I don't know - but if you have paid both, you should have 'rights' to use both designs.  Therefore you should be able to mix-and-match as you please.

----------


## dib

I think that Chrisp is right that you have the rights to use both.  Unfortunately, if you are submitting plans to council you cant say Im going to use different parts from different drawings. So if either the draftsman or the architect "redraw" the others work they are infringing on the others copyright.  So you really should get permision.  Having said that I think the likelyhood of being sued over it is very very unlikely if you have already paid something to the Architect.

----------


## watson

:Wat they said: 
Big scanner...Copy & paste.......viola!!! a composite that you've already paid for.

----------


## shannon_t

As long as you have paid in full.

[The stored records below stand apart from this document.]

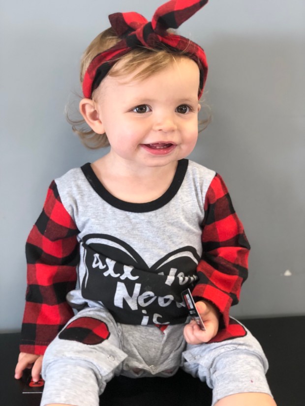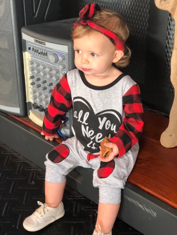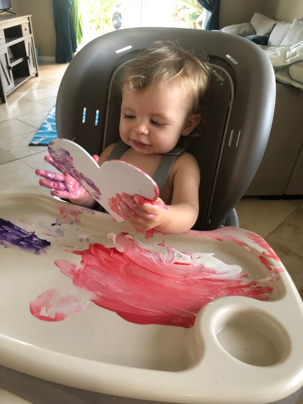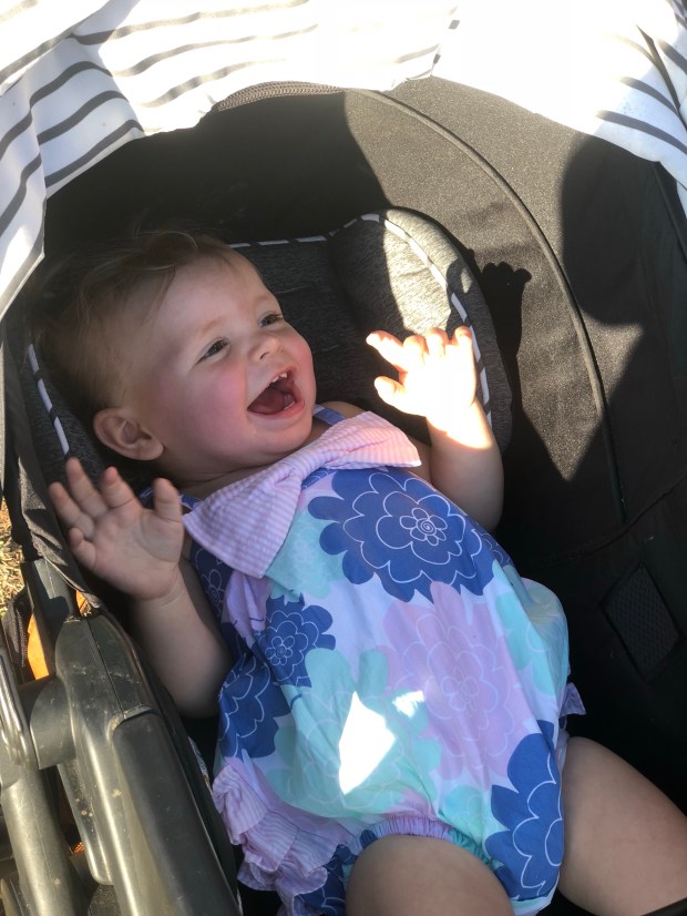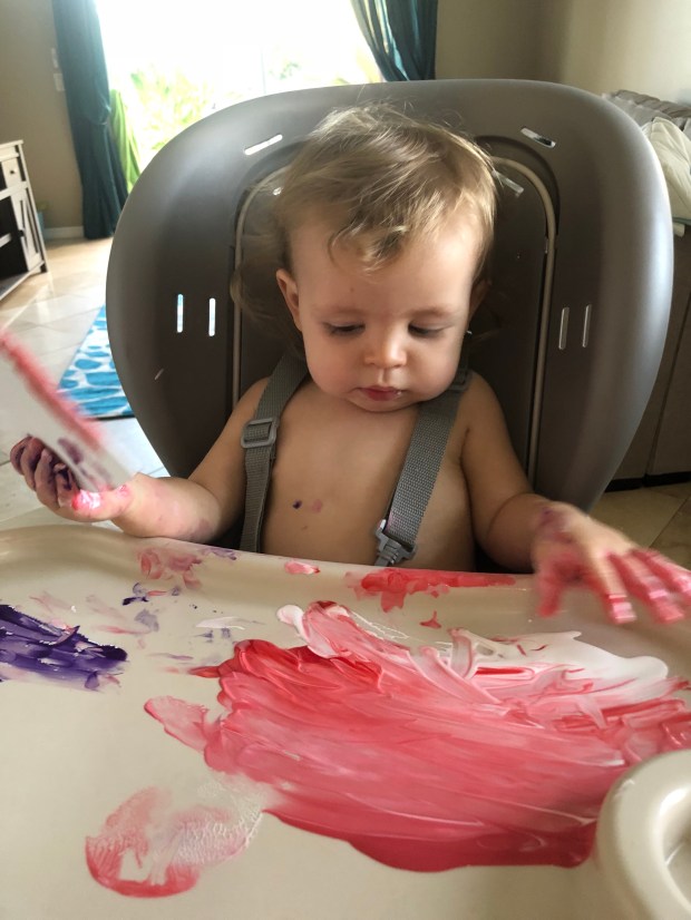 She says “dog”, “ack (jack)” and “cap (clap)” and “baby”. Kens is still obsessed with sign language and signs “more” and “all done” about 80 times an hour. If you ignore “more” she smacks her hands together really hard to make it LOUD sign language. 😂 If she’s eating she’ll also say “ah done!” Depending on her mood, she will say “ayter” if you tell her see ya later! K has a little Spanish flair for water and says “agua”. She recently started signing bird and dinosaur….because that’s useful. (Thanks Baby Einstein). Kens is FINALLY saying mama and starting to use it purposefully!
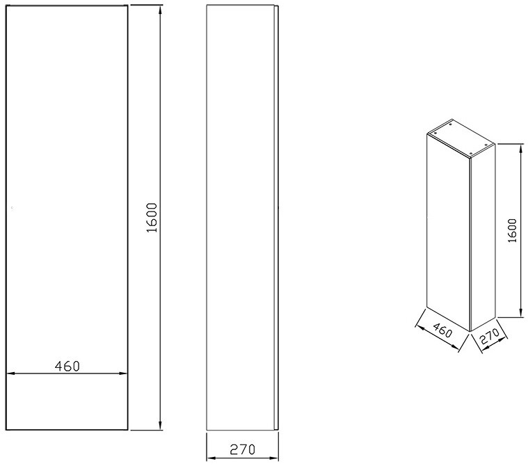 - розміри (Ш): 46 x 27 x 160 см
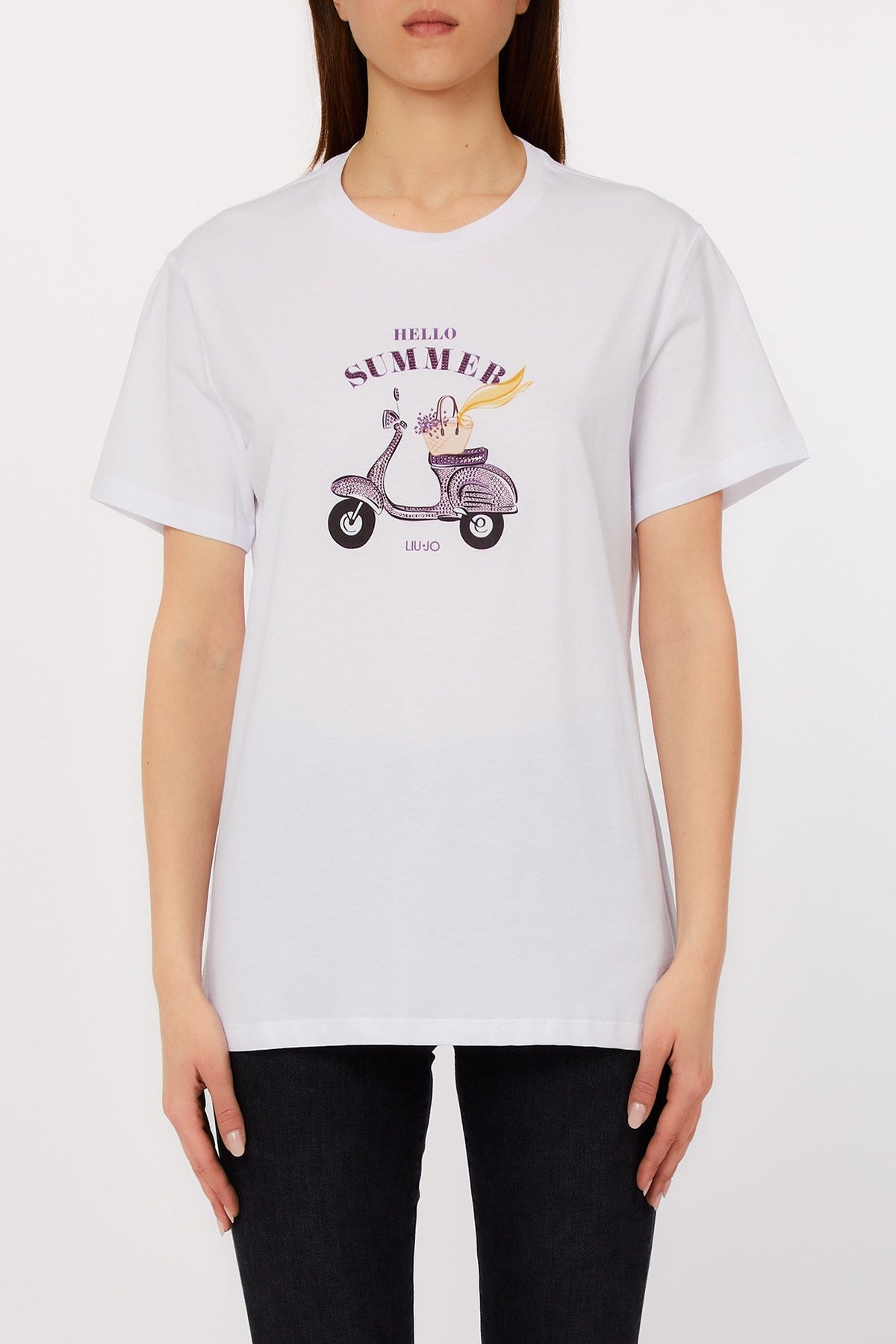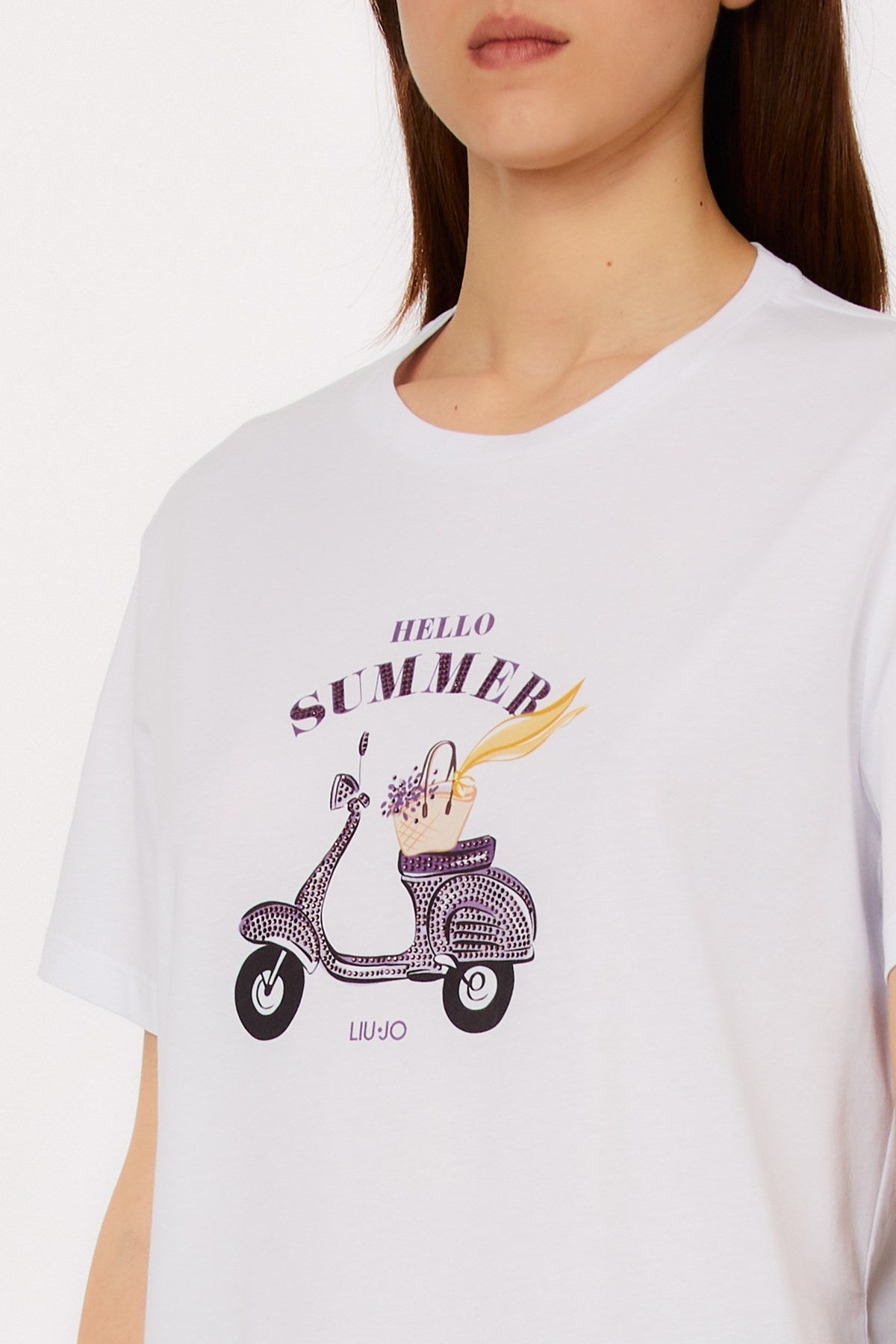 Playful and easygoing, this graphic tee features a sparkling scooter motif and a cheerful "Hello Summer" slogan that captures the spirit of the season. The relaxed fit and soft fabric make it a sunny-day essential. Perfect for pairing with denim or throwing over swimwear for a laid-back, chic vibe.
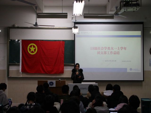 汇报第二项,团支书朱妍分别从“我们的成员、我们的工作、我们的未来”三方面进行支部工作总结。首先她介绍了班级团支部的组成成员,包括宣传委员等六位班委和六位团小组组长。随后她系统地介绍了本学期团支部的工作成果:每月举办团日活动,本学期共举办“我与改革共成长”等四次团日活动。共召开团支部会议六次,主要商讨秋季生日会、趣味运动会、主题团日活动等活动细节,积极配合班委的班级建设活动。并且在辅导员韩雪的引导下进行“不做青年官、争做青年友”的团支部学习。而后,朱妍表示团支部将吸取本学期的经验教训、继续发展优势,不断改进工作中的短板,解决实际问题,争取在下学期看到一个更加昂扬向上的18级社会学类团支部!
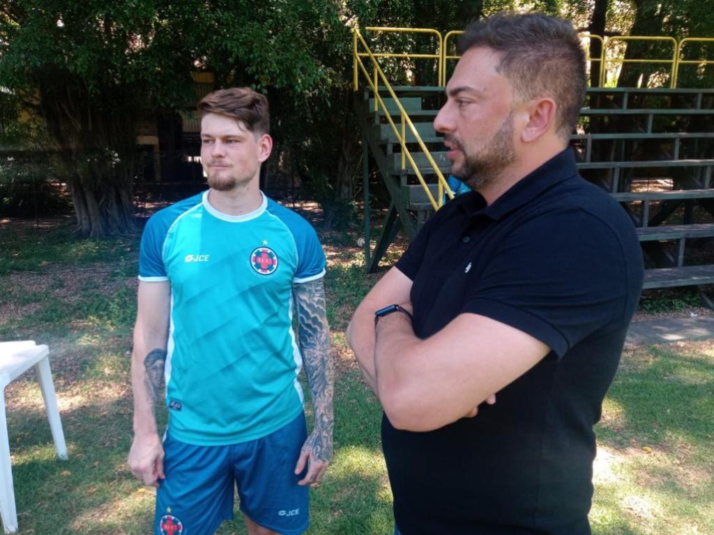 O meia Luizinho, na foto ao lado do presidente Nicanor Pires, será um dos titulares do Ipatinga na temporadaOs jogadores do Ipatinga treinaram na manhã desta segunda-feira (15) sob a orientação do treinador Carlos Pimentel. Na manhã desta terça-feira (16), nova atividade a partir de 9h no campo principal do centro de treinamentos do bairro Cariru, a última antes do jogo-treino do dia seguinte, às 10h, em Tombos, contra o Tombense.
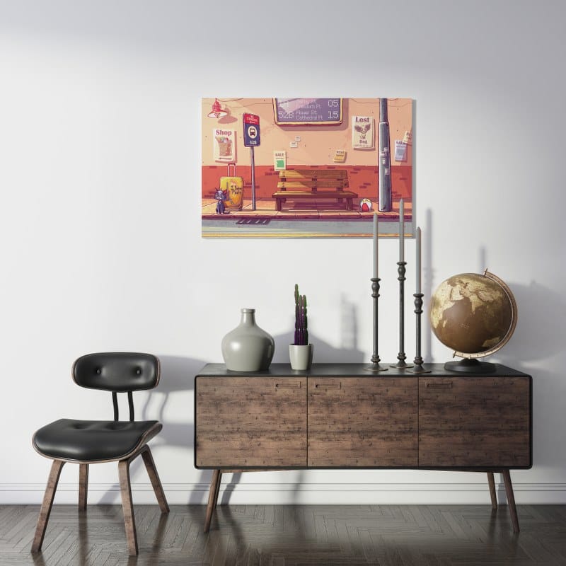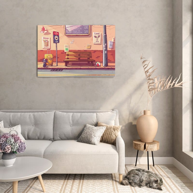 نطاق السعر: من EGP320.00 خلال EGP955.00     لوحة فنية مطبوعة على قماش لتوضيح محطة الحافلات مع قطة حزينة على خلفية متجهةنطاق السعر: من EGP320.00 خلال EGP955.00

A design is your property, because you have paid for that service for your land. Thats my understanding as i have come across the same problem. If you used the design somewhere else you could get in trouble.

----------


## intertd6

> As long as you have paid in full. A design is your property, because you have paid for that service for your land. Thats my understanding as i have come across the same problem. If you used the design somewhere else you could get in trouble.

  I would be checking the fineprint of the architects contract & the copyright details of the 
plans before doing anything that could be extremely expensive being sorted out in court.
You definately dont own the design, you have paid for the use of it for its intended pupose.
regards inter

----------